# [WHAT TO WORK ON]
In the entries below, find the line with "Ist die Option" and the line with "电子管6C6推300BSE胆机电路图". Repeat exactly everything between them, those two lines included, but not the pictures.
::: SUPPLIED MATERIAL :::
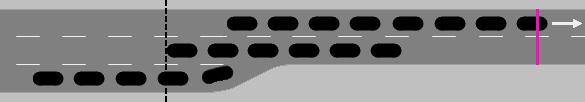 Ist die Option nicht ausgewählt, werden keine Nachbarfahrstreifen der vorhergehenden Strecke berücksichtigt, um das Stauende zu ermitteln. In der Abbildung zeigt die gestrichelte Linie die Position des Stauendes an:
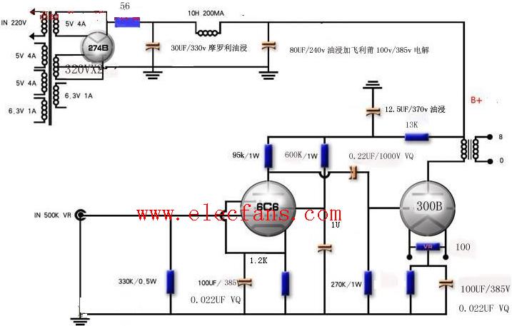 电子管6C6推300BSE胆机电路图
:::
::: SUPPLIED MATERIAL :::
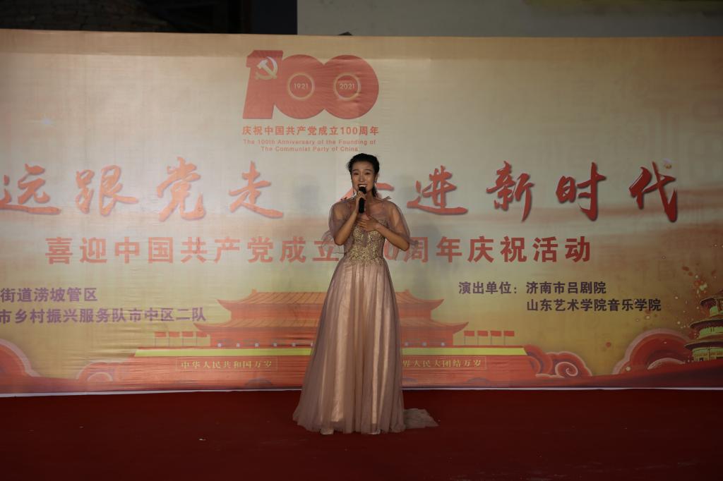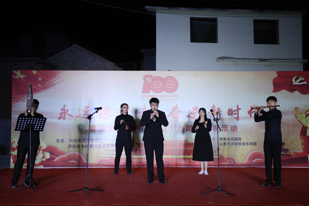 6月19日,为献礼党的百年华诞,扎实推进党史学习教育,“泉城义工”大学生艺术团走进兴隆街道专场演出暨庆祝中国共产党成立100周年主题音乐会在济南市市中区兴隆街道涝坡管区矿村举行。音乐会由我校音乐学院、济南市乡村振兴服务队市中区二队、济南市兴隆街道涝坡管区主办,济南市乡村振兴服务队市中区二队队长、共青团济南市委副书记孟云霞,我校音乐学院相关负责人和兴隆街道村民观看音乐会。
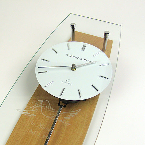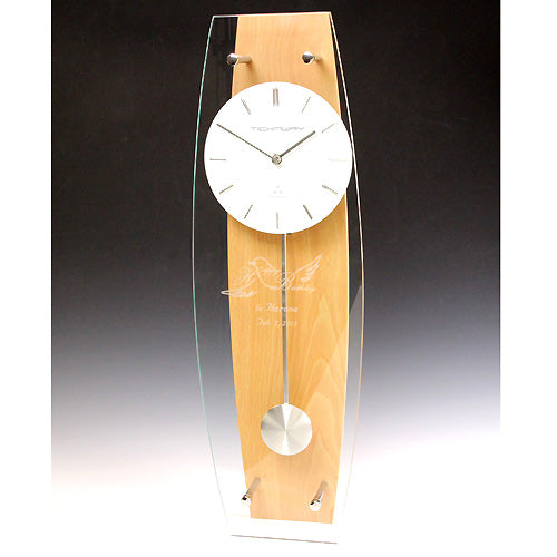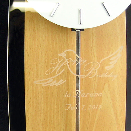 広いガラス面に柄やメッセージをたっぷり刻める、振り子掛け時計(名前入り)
:::
# [TASK SOLUTION]
 Ist die Option nicht ausgewählt, werden keine Nachbarfahrstreifen der vorhergehenden Strecke berücksichtigt, um das Stauende zu ermitteln. In der Abbildung zeigt die gestrichelte Linie die Position des Stauendes an:
 电子管6C6推300BSE胆机电路图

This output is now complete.